Chegou o momento de definirmos se o Distrito Federal terá ou não autonomia.

Chegou o instante em que os democratas – aqueles que concorreram às eleições prometendo autonomia ao Distrito Federal – demonstrarão se querem ou não honrar seus compromissos perante o povo.
A cada passo, a população carioca faz sentir sua vontade de eleger livremente seu prefeito. Ainda há pouco, recebi memorial assinado por cerca de 567 senhoras cariocas, pedindo autonomia para a capital da República, e, dentre as considerações aí contidas, destaco a seguinte: (lê)

     “Resta-nos, entretanto, levar nosso apelo aos Senhores Constituintes, para que não se esqueçam das inúmeras promessas feitas ao povo, antes das eleições, de que teríamos direito à autonomia. O povo do Distrito Federal, do qual nós, mulheres, somos boa parte, exige que lhe seja assegurado o direito de eleger seu próprio prefeito”.

Nesse sentido, Senhores Representantes, apelamos para que esta Assembleia, que está finalizando seus trabalhos constitucionais, consagre na Carta que vamos promulgar a autonomia para a capital da República. O povo carioca jamais perdoará àqueles que lhe negarem a autonomia e o direito de, livremente, escolher seu Prefeito.

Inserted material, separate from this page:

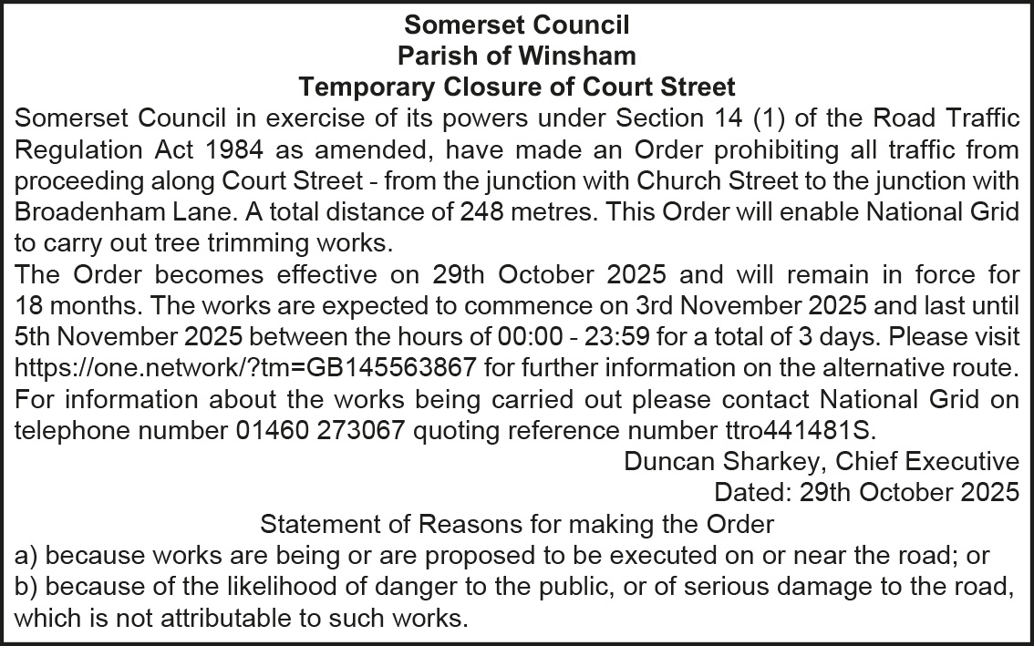 Somerset Council in exercise of its powers under Section 14 (1) of the Road Traffic Regulation Act 1984 as amended, have made an Order prohibiting all traffic from proceeding along Court Street – from the junction with Church Street to the junction with Broadenham Lane. A total distance of 248 metres. This Order will enable National Grid to carry out tree trimming works.

O Distrito Federal é a unidade administrativa que dá maior renda, depois de São Paulo, ao nosso país. Por seus foros de cultura, por sua intensa vida política, tem demonstrado grande patriotismo e capacidade de cooperação no progresso da nossa pátria.

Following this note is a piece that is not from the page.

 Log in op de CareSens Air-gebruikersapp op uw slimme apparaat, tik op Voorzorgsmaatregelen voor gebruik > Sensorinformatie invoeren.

O Sr. Segadas Viana – V. Exa. tem razão. Além disso, é o maior centro industrial e comercial do país.

O SR. MAURÍCIO GRABOIS – Exatamente.

Para maior esclarecimento, aqui tenho a estatística do IBGE, de dezembro de 1944, sobre o assunto.

Com efeito, diz ela:

Estabelecimentos industrias e comerciais atacadistas investigados pelos inquéritos econômicos do IBGE em dezembro de 1944.

Situação percentual do D. Federal sobre o total:

Estabelecimentos informantes ………………………………..35,86%
Movimento de vendas ……………………………………………35,51%
Total de pagamentos de impostos …………………………….39,42%

Por aí se vê a contribuição que o Distrito Federal fornece à riqueza nacional.
Nesse sentido, Senhores representante e Sr. Presidente, esperamos que nas Disposições Transitórias sejam assegurados esses princípios básicos da Democracia, a fim de que o povo não fique decepcionado com a Assembleia Constituinte de 1946. (Muito bem; muito bem. Palmas).